= Michal Heiman =

Israeli photographer

Michal Heiman (מיכל היימן; born in Tel Aviv) is a Tel Aviv-Yafo based artist, curator, theoretician and activist. She is the founder of the Photographer Unknown Archive (1984) and creator of the Michal Heiman Tests No. 1-4 (M.H.T). Her work bears on issues of history, human and women's rights, trauma, and memory, as well as an examination of the photographic medium, using reenactment, installation, archival materials, photographs, film, and lecture-performances.
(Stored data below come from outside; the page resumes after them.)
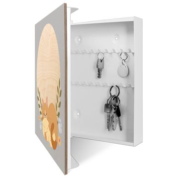 Bringe Ordnung und Eleganz in deinen Eingangsbereich mit dem banjado Schlüsselkasten Motiv Motiv Schlafende Katze im Garten. Die moderne Schlüsselbox kombiniert funktionales Design mit hochwertiger Verarbeitung und wird so zu einem echten Hingucker in Flur, Büro oder Ferienwohnung. ✅ Stilvolle Schlüsselaufbewahrung mit moderner Holzfront im Motiv Motiv Schlafende Katze im Garten Der Design-Schlüsselkasten Motiv Motiv Schlafende Katze im Garten bietet Platz für bis zu 50 Schlüssel, die auf 5 stabilen Reihen mit je 10 Haken übersichtlich verstaut werden. Mit seinen kompakten Maßen von 30 x 30 x 5 cm passt die Schlüsselbox perfekt auch in kleinere Räume. Der weiß lackierte Korpus mit dem Scharnier auf der linken Seite harmoniert mit der bedruckten Holzfront und fügt sich nahtlos in jedes Wohnambiente ein. Ob als Schlüsselorganizer für Zuhause oder als praktische Lösung für Büros, Praxen und Gewerbe - der banjado Schlüsselkasten sorgt für Ordnung und Übersicht. Durch die klare Strukturierung der Haken lassen sich auch viele Schlüssel problemlos verwalten. Die Schlüsselbox Motiv Motiv Schlafende Katze im Garten zur Wandmontage wird inklusive Befestigungsmaterial geliefert und ist schnell angebracht. So hast du deine Schlüssel jederzeit griffbereit und zugleich stilvoll verstaut. Mit diesem banjado Schlüsselkasten Motiv Motiv Schlafende Katze im Garten kombinierst du praktische Aufbewahrung mit stilvollem Wohndesign. Ob privat oder geschäftlich - die Schlüsselbox sorgt für mehr Ordnung, Übersicht und ein wohnliches Ambiente.Vorteile im Überblick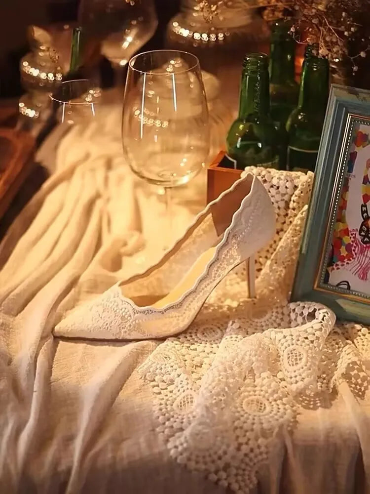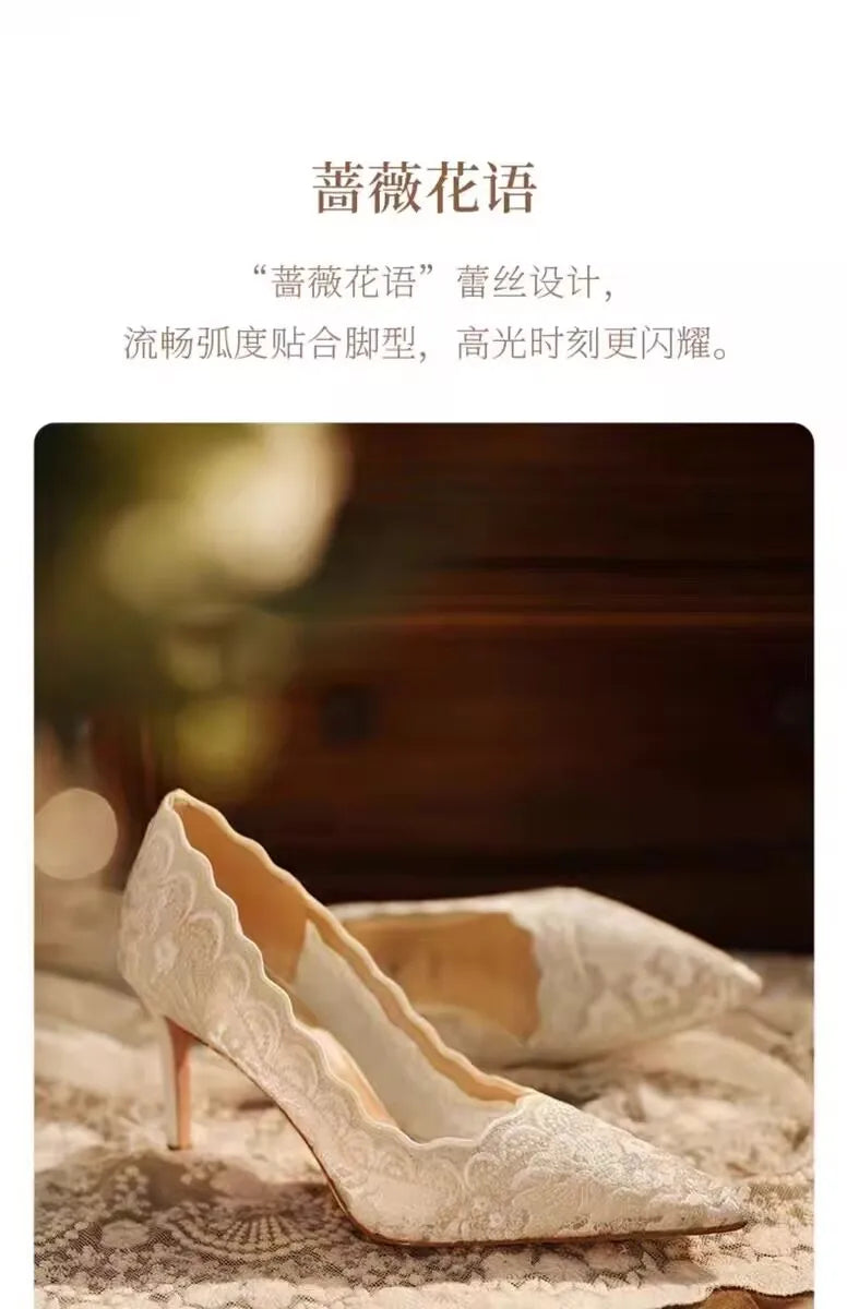 White Wedding Shoes Bridal Shoes Design Sense Niche Lace Pointed Stiletto Heel Shallow French High Heels Female Temperament heels_stiletto
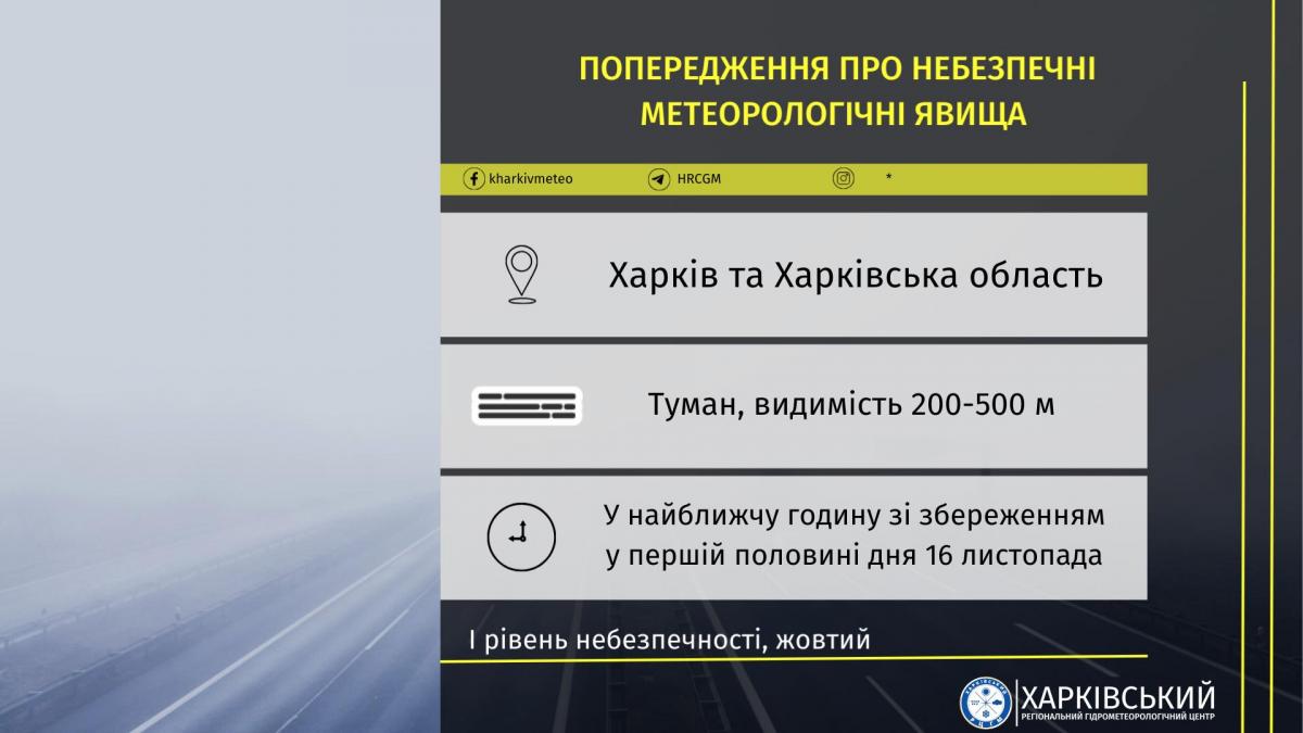 "В ближайший час с сохранением в первой половине дня 16 ноября по городу и области ожидается туман", - говорится в предупреждении.

Heiman teaches at the Bezalel Academy of Art and Design in Jerusalem and is a member of the Tel Aviv Institute for Contemporary Psychoanalysis.

== Artistic career ==

Michal Heiman, Nouraldin Musa (b. Bendisea, W, Darfur, Sudan, 1976), asylum seeker, photographer and actor in Legislative Theatre Group Holot, lives in Canada. Asylum (The Dress) 1855-2017, 2015, digitally printed photograph, 80X60 cm

For over three decades, since graduating from Art Studies at Hamidrash School of Art in 1984, Heiman has been developing a discipline that inhabits a field between photography, psychoanalysis, human rights, theory, and praxis. Heiman's work has been exhibited in leading venues around the world.

In 1997, Heiman represented Israel at Documenta X in Kassel, Germany, debuting her first Michal Heiman Test box and procedure. In 2008, her solo exhibition Attacks on Linking debuted at the Helena Rubinstein Pavilion for Contemporary Art, Tel Aviv Museum of Art. In 2017, Heiman exhibited her solo exhibition, AP – Artist Proof, Asylum (The Dress, 1855-2017), at the Herzliya Museum of Contemporary Art – a large-scale installation and performance work that incorporated the participation and input of visitors, and which raised questions concerning the notion of the right to return. Among her notable works are a lecture/film on British psychoanalyst Wilfred Bion and video works based on case studies by psychoanalysts Sigmund Freud and D. W. Winnicott.

Heiman has also exhibited in venues such as the University of Melbourne Museum of Art; Le Quartier Centre d'Art Contemporain, Quimper, France; the Jewish Museum, New York City; the Museum of Modern Art, Saitama, Japan; the Van Abbemuseum, Eindhoven, the Netherlands, and the Changjiang Museum of Contemporary Art, China, and others.

Heiman brings her critical voice to bear on issues of history, while engaging with human rights and more specifically, women's rights, exploring and questioning the ability of visual tools to penetrate traumatic experiences through different tactics and pre-enactments, as well as examine the photographic medium, its therapeutic potential, and its role in the struggle for social justice. Her enactment and installation works, archival materials, photography and film series, and her lectures/performances are deeply rooted in the political, familial, and social arenas.

From 2019 to 2020, Heiman exhibited work in the United States, focusing on her growing archive of narratives and histories of marginalized, pioneering, and revolutionary women, first with Radical Link: A New Community of Women, 1855–2020 in Washington, D.C., and then with Hearing in Los Angeles, California.

== Activism ==
Heiman has been active as a women's right advocate for many years. In 2015, she founded the organization Women in Academia to protect and advance women's equality in Bezalel Academy of Art and Design, and in 2018, she founded the public-benefit corporation An Academy of Her Own, which advocates for gender equality in various academic institutions.

== Personal life ==
Heiman has two children, Leigh (26) and Emily (22).